**** SUPPLIED INFORMATION ****

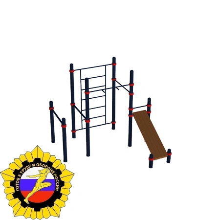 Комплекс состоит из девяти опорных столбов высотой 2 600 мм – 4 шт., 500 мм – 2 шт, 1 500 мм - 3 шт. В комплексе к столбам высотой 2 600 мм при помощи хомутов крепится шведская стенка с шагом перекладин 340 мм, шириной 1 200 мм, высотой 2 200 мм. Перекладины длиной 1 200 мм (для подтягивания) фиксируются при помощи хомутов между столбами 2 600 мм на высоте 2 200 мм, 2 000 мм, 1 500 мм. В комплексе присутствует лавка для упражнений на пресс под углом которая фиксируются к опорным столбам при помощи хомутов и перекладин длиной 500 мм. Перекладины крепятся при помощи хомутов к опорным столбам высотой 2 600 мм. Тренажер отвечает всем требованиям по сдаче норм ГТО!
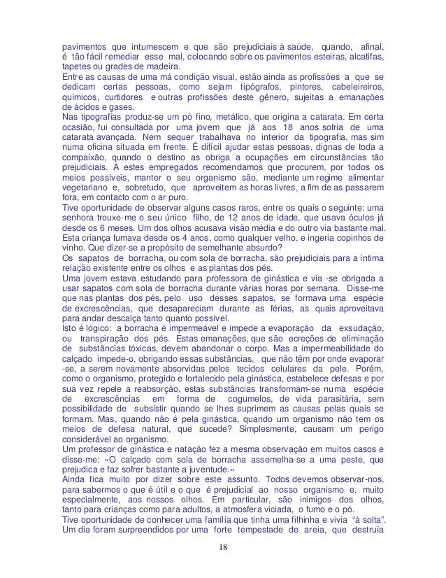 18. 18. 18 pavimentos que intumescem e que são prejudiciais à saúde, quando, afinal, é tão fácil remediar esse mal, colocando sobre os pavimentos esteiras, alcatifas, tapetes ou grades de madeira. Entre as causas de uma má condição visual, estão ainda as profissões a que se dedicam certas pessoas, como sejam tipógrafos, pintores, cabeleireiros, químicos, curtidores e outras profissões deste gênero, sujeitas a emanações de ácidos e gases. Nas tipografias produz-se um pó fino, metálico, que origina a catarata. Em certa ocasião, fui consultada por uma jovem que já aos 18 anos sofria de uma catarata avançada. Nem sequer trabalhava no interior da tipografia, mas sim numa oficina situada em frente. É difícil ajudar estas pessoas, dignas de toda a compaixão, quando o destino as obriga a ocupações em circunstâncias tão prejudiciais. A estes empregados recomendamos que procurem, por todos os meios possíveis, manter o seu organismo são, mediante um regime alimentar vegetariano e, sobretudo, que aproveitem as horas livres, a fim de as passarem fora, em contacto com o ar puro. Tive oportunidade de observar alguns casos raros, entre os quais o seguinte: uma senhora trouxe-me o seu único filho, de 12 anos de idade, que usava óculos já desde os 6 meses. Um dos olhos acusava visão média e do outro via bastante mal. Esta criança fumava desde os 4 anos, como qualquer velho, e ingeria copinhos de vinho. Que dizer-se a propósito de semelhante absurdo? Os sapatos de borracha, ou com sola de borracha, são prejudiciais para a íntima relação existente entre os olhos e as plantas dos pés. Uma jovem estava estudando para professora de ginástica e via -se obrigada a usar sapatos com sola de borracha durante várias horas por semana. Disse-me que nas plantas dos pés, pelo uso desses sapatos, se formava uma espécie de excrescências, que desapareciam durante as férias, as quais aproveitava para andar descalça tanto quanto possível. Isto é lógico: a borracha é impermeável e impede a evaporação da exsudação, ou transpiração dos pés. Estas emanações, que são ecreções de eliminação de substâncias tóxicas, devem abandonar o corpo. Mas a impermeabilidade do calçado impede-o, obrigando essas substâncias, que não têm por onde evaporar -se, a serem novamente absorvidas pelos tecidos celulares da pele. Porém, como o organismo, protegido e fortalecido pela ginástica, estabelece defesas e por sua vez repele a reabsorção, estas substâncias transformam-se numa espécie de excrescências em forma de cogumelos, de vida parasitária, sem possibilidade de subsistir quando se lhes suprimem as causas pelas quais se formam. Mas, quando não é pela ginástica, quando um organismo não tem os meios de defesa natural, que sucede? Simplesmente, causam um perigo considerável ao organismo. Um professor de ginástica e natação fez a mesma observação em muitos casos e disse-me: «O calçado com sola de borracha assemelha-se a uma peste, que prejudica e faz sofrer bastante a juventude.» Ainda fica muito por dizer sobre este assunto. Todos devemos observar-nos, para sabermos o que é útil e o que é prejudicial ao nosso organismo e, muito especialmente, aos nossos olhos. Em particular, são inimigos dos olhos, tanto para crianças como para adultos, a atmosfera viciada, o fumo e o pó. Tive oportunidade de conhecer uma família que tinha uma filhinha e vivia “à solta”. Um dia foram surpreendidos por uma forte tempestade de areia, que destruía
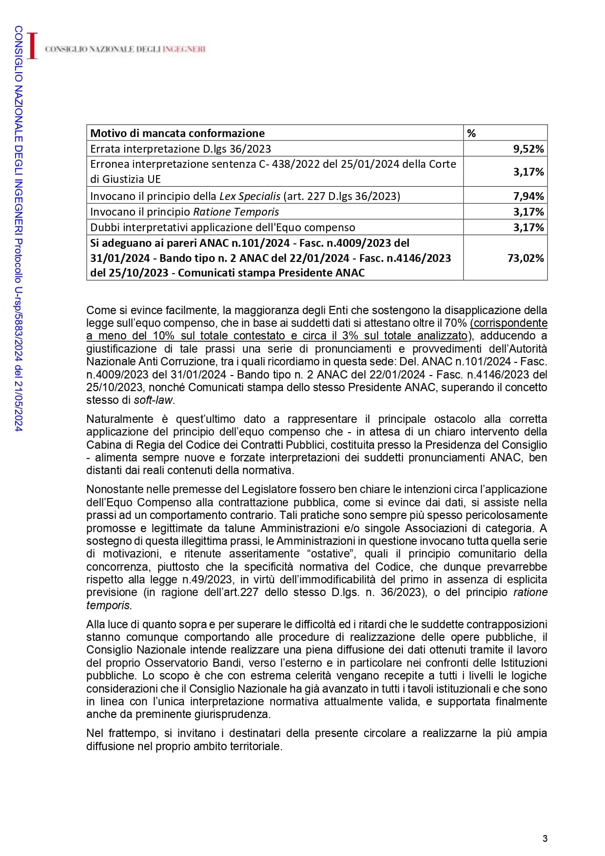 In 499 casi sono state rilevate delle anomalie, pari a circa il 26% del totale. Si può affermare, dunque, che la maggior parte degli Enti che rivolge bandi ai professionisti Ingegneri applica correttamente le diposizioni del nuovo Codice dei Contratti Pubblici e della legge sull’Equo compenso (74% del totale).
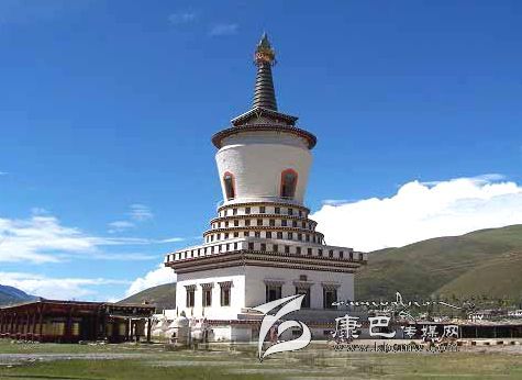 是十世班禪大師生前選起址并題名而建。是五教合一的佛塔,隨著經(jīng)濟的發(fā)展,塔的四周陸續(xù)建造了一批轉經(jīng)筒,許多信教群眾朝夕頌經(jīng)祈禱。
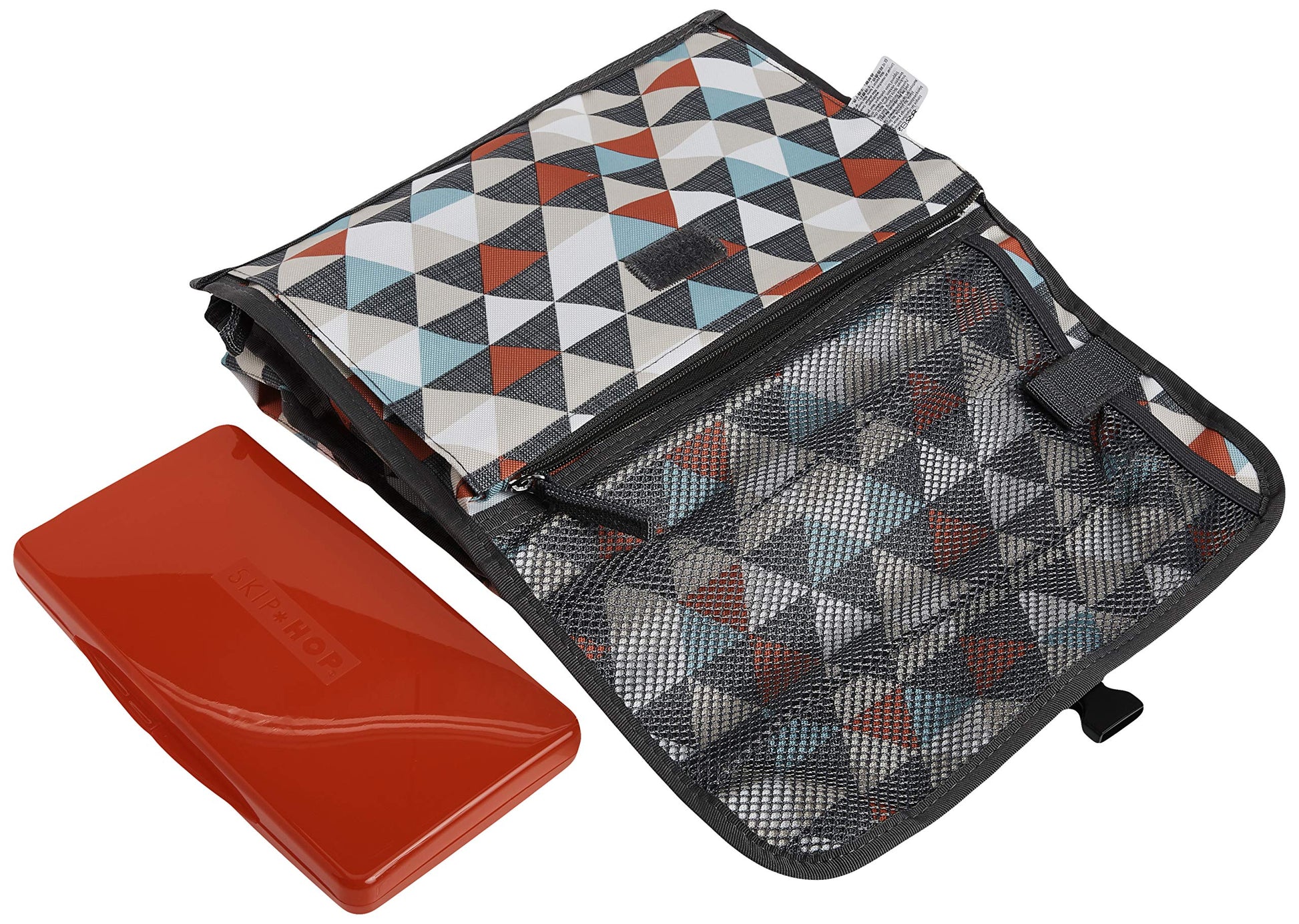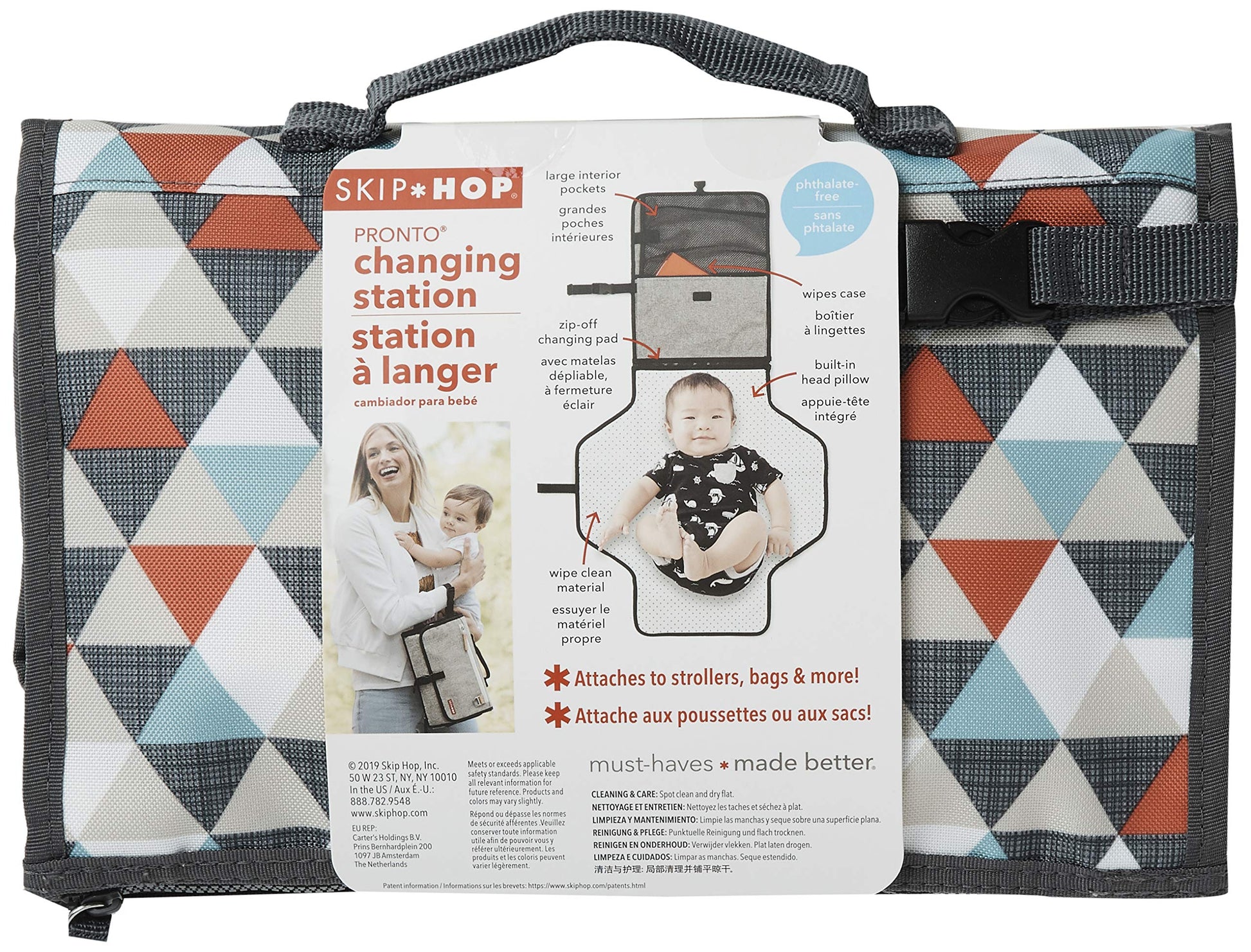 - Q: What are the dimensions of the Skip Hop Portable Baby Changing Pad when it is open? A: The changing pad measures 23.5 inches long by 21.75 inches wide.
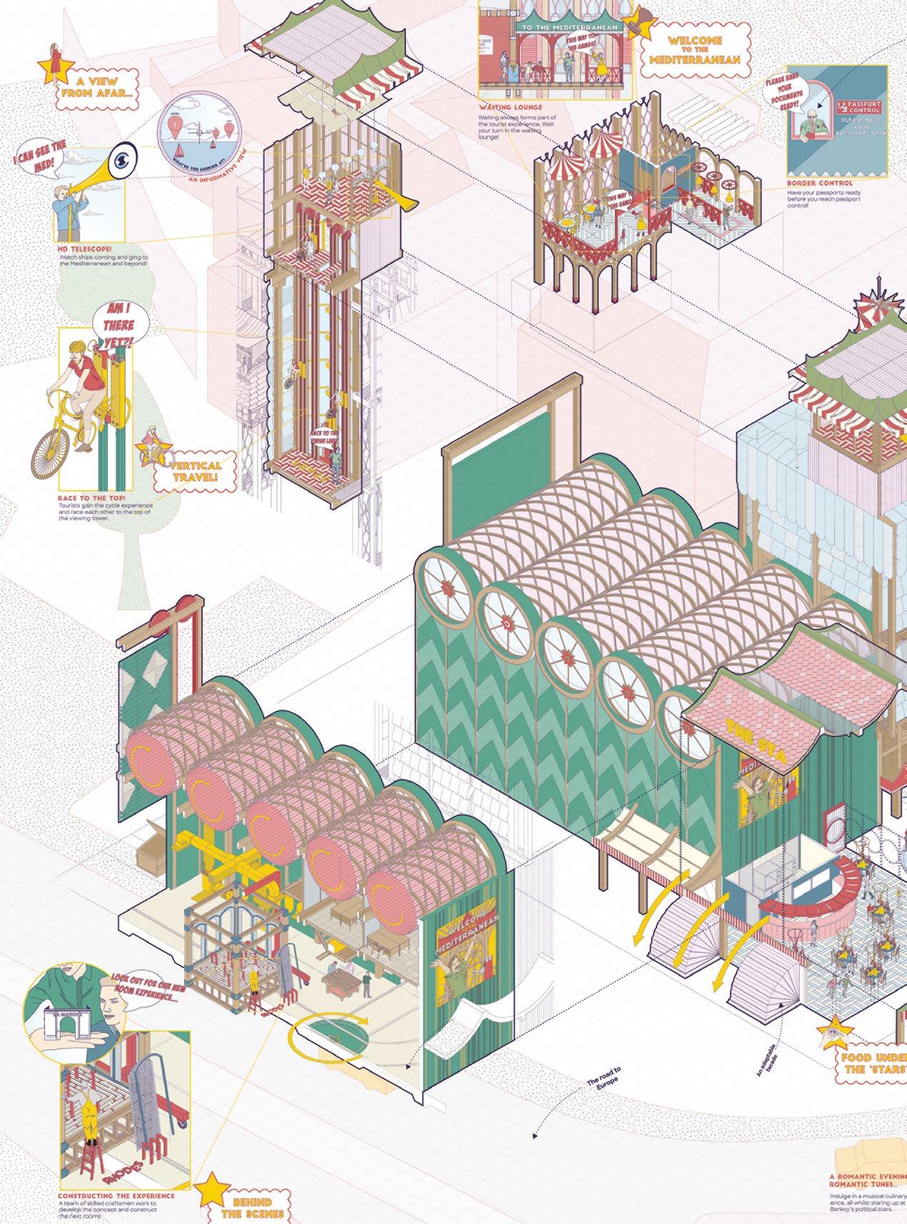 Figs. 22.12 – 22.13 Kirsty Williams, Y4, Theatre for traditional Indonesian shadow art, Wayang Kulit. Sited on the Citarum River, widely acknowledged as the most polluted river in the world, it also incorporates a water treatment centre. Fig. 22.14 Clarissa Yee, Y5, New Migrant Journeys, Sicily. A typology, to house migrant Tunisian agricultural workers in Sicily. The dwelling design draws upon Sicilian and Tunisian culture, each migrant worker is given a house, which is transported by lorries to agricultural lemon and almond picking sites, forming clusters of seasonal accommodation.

****

> WHAT YOU HAVE TO DO: With the pictures stripped out, return each record word for word.

> WRITTEN SOLUTION:
 Комплекс состоит из девяти опорных столбов высотой 2 600 мм – 4 шт., 500 мм – 2 шт, 1 500 мм - 3 шт. В комплексе к столбам высотой 2 600 мм при помощи хомутов крепится шведская стенка с шагом перекладин 340 мм, шириной 1 200 мм, высотой 2 200 мм. Перекладины длиной 1 200 мм (для подтягивания) фиксируются при помощи хомутов между столбами 2 600 мм на высоте 2 200 мм, 2 000 мм, 1 500 мм. В комплексе присутствует лавка для упражнений на пресс под углом которая фиксируются к опорным столбам при помощи хомутов и перекладин длиной 500 мм. Перекладины крепятся при помощи хомутов к опорным столбам высотой 2 600 мм. Тренажер отвечает всем требованиям по сдаче норм ГТО!
 18. 18. 18 pavimentos que intumescem e que são prejudiciais à saúde, quando, afinal, é tão fácil remediar esse mal, colocando sobre os pavimentos esteiras, alcatifas, tapetes ou grades de madeira. Entre as causas de uma má condição visual, estão ainda as profissões a que se dedicam certas pessoas, como sejam tipógrafos, pintores, cabeleireiros, químicos, curtidores e outras profissões deste gênero, sujeitas a emanações de ácidos e gases. Nas tipografias produz-se um pó fino, metálico, que origina a catarata. Em certa ocasião, fui consultada por uma jovem que já aos 18 anos sofria de uma catarata avançada. Nem sequer trabalhava no interior da tipografia, mas sim numa oficina situada em frente. É difícil ajudar estas pessoas, dignas de toda a compaixão, quando o destino as obriga a ocupações em circunstâncias tão prejudiciais. A estes empregados recomendamos que procurem, por todos os meios possíveis, manter o seu organismo são, mediante um regime alimentar vegetariano e, sobretudo, que aproveitem as horas livres, a fim de as passarem fora, em contacto com o ar puro. Tive oportunidade de observar alguns casos raros, entre os quais o seguinte: uma senhora trouxe-me o seu único filho, de 12 anos de idade, que usava óculos já desde os 6 meses. Um dos olhos acusava visão média e do outro via bastante mal. Esta criança fumava desde os 4 anos, como qualquer velho, e ingeria copinhos de vinho. Que dizer-se a propósito de semelhante absurdo? Os sapatos de borracha, ou com sola de borracha, são prejudiciais para a íntima relação existente entre os olhos e as plantas dos pés. Uma jovem estava estudando para professora de ginástica e via -se obrigada a usar sapatos com sola de borracha durante várias horas por semana. Disse-me que nas plantas dos pés, pelo uso desses sapatos, se formava uma espécie de excrescências, que desapareciam durante as férias, as quais aproveitava para andar descalça tanto quanto possível. Isto é lógico: a borracha é impermeável e impede a evaporação da exsudação, ou transpiração dos pés. Estas emanações, que são ecreções de eliminação de substâncias tóxicas, devem abandonar o corpo. Mas a impermeabilidade do calçado impede-o, obrigando essas substâncias, que não têm por onde evaporar -se, a serem novamente absorvidas pelos tecidos celulares da pele. Porém, como o organismo, protegido e fortalecido pela ginástica, estabelece defesas e por sua vez repele a reabsorção, estas substâncias transformam-se numa espécie de excrescências em forma de cogumelos, de vida parasitária, sem possibilidade de subsistir quando se lhes suprimem as causas pelas quais se formam. Mas, quando não é pela ginástica, quando um organismo não tem os meios de defesa natural, que sucede? Simplesmente, causam um perigo considerável ao organismo. Um professor de ginástica e natação fez a mesma observação em muitos casos e disse-me: «O calçado com sola de borracha assemelha-se a uma peste, que prejudica e faz sofrer bastante a juventude.» Ainda fica muito por dizer sobre este assunto. Todos devemos observar-nos, para sabermos o que é útil e o que é prejudicial ao nosso organismo e, muito especialmente, aos nossos olhos. Em particular, são inimigos dos olhos, tanto para crianças como para adultos, a atmosfera viciada, o fumo e o pó. Tive oportunidade de conhecer uma família que tinha uma filhinha e vivia “à solta”. Um dia foram surpreendidos por uma forte tempestade de areia, que destruía
 In 499 casi sono state rilevate delle anomalie, pari a circa il 26% del totale. Si può affermare, dunque, che la maggior parte degli Enti che rivolge bandi ai professionisti Ingegneri applica correttamente le diposizioni del nuovo Codice dei Contratti Pubblici e della legge sull’Equo compenso (74% del totale).
 是十世班禪大師生前選起址并題名而建。是五教合一的佛塔,隨著經(jīng)濟的發(fā)展,塔的四周陸續(xù)建造了一批轉經(jīng)筒,許多信教群眾朝夕頌經(jīng)祈禱。
 - Q: What are the dimensions of the Skip Hop Portable Baby Changing Pad when it is open? A: The changing pad measures 23.5 inches long by 21.75 inches wide.
 Figs. 22.12 – 22.13 Kirsty Williams, Y4, Theatre for traditional Indonesian shadow art, Wayang Kulit. Sited on the Citarum River, widely acknowledged as the most polluted river in the world, it also incorporates a water treatment centre. Fig. 22.14 Clarissa Yee, Y5, New Migrant Journeys, Sicily. A typology, to house migrant Tunisian agricultural workers in Sicily. The dwelling design draws upon Sicilian and Tunisian culture, each migrant worker is given a house, which is transported by lorries to agricultural lemon and almond picking sites, forming clusters of seasonal accommodation.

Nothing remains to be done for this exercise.